Top of DATA

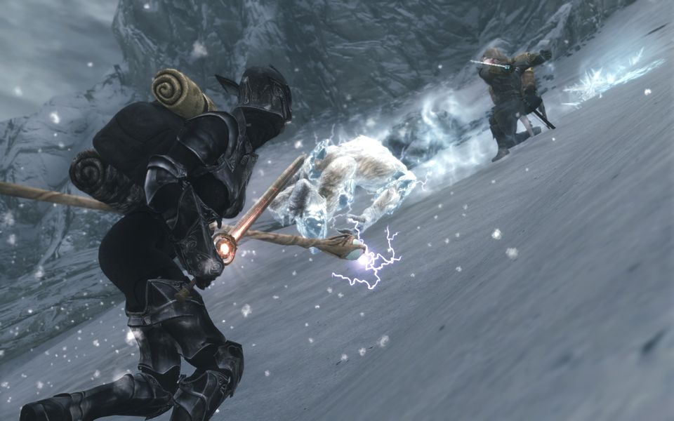 凍りつき、電撃で痺れ硬直したフロスト・トロールの身体が急斜面をゴロゴロと転がって落ちていく。その様子を視界の端に捉えながらも、俺はボルガクが見覚えのない装備を手にしていることに気がついた。
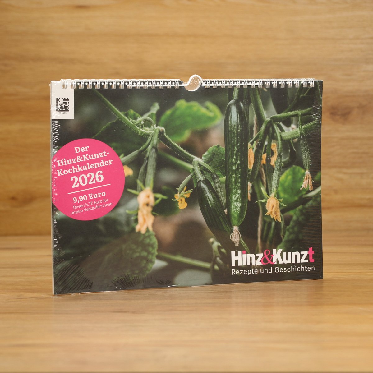 Der Hinz&Kunzt Kalender 2026. Mit tollen Rezepten und schönen Naturaufnahmen. 5,70€ gehen davon direkt an die VerkäuferInnen.
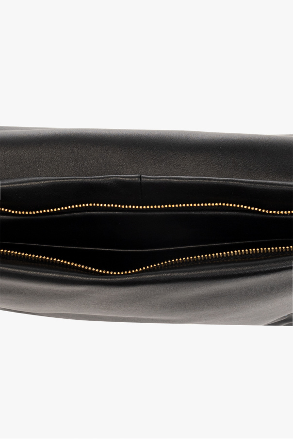 Black ‘Devotion Medium’ shoulder bag from Dolce & Gabbana. Crafted from lamb leather with a metallic finish, this design secures with snaps and showcases branded heart-shaped hardware with pearly details, a detachable chain and leather shoulder strap, gold-tone metal elements and one internal compartment with one zip pocket and one slip pocket.
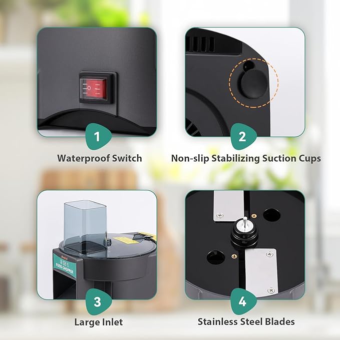 - 【Light yet Mighty】The body of this electric vegetable chopper is made of both lightweight and durable ABS plastic, and the machine weighs only 3.6kg, while being very stable in use thanks to the suction cups on the base.
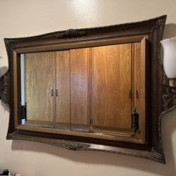 Double Wide Sliding Mirror Medicine Cabinet With Detailed Wood, Trim, And Great Lighting Rare Antique $50Long Beach, CA
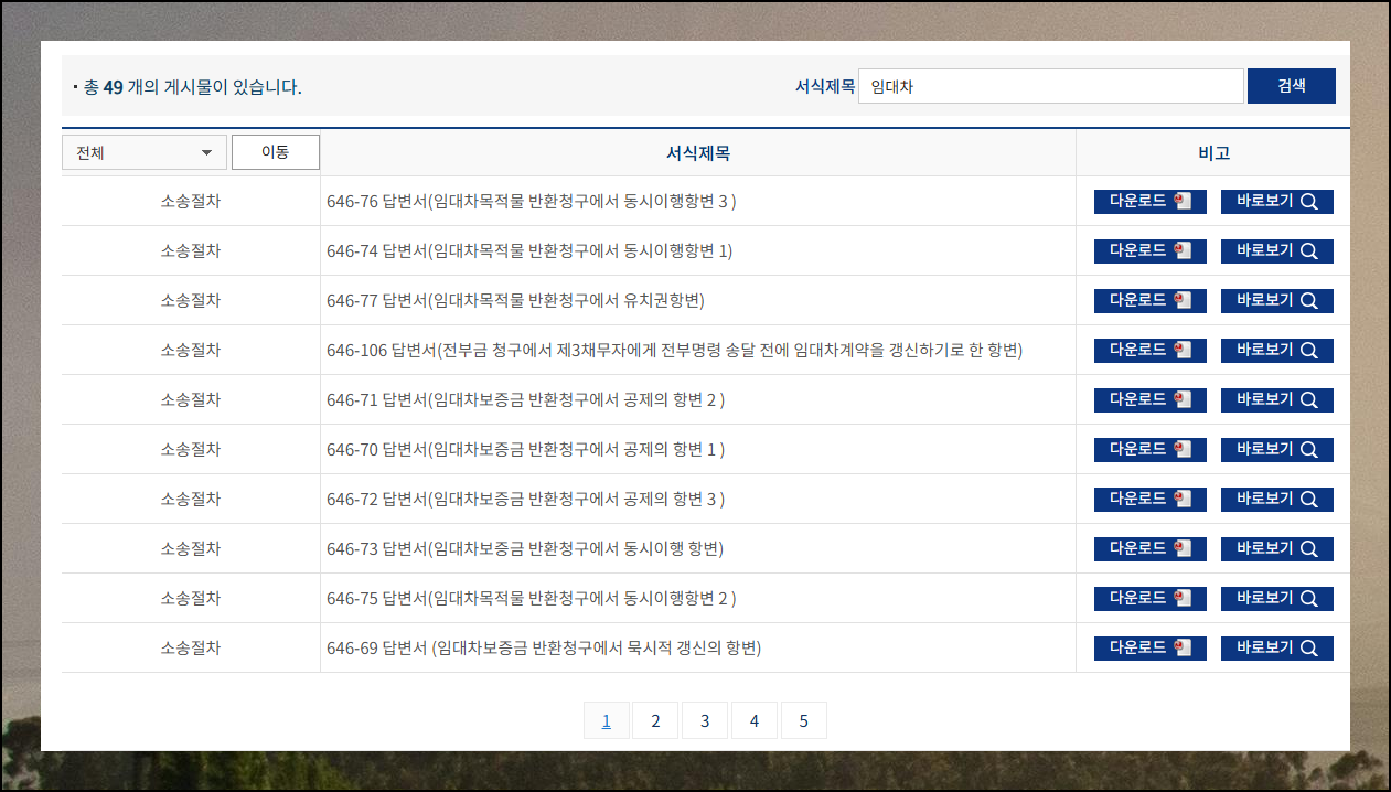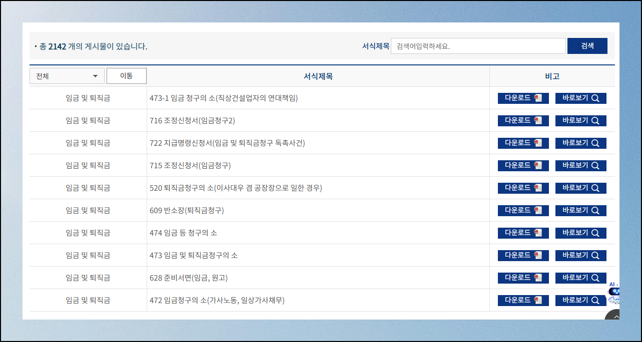 법률서식 페이지에서 화면을 아래쪽으로 내려주세요. 더 상세한 서식 정보가 준비된 전용 페이지가 바로 나타납니다. 마우스를 이용하여 스크롤을 내리기만 하면 돼요.
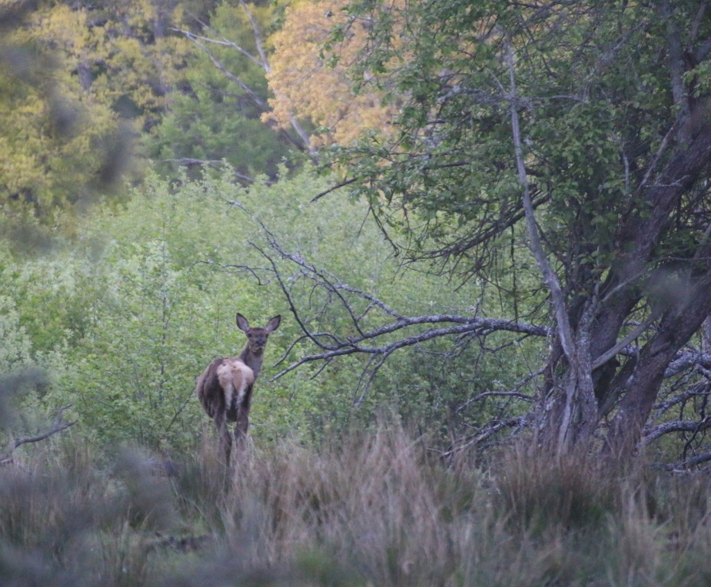 Det som är lite speciellt med Blekinges stränder är att lövskogen ofta växer ända ner mot vattnet. Här är det mycket bok och en del alkärr. Det gör att vattnet oftast inte mer än högst skymtas mellan träden, trots att vi går mycket nära strandlinjen. Ibland kliver vi ut bland träden för att få bättre utblickar över havet som ligger helt stilla i vikarna den här kvällen. En häger lyfter när vi kommer närmare och ger sig av över vattnet.

Bottom of DATA

=== TASK BRIEF ===
All that is wanted is each line, word for word, from the first line of the data to the one holding "Der Hinz&Kunzt Kalender", with the pictures left out.

=== TASK RESPONSE ===
 凍りつき、電撃で痺れ硬直したフロスト・トロールの身体が急斜面をゴロゴロと転がって落ちていく。その様子を視界の端に捉えながらも、俺はボルガクが見覚えのない装備を手にしていることに気がついた。
 Der Hinz&Kunzt Kalender 2026. Mit tollen Rezepten und schönen Naturaufnahmen. 5,70€ gehen davon direkt an die VerkäuferInnen.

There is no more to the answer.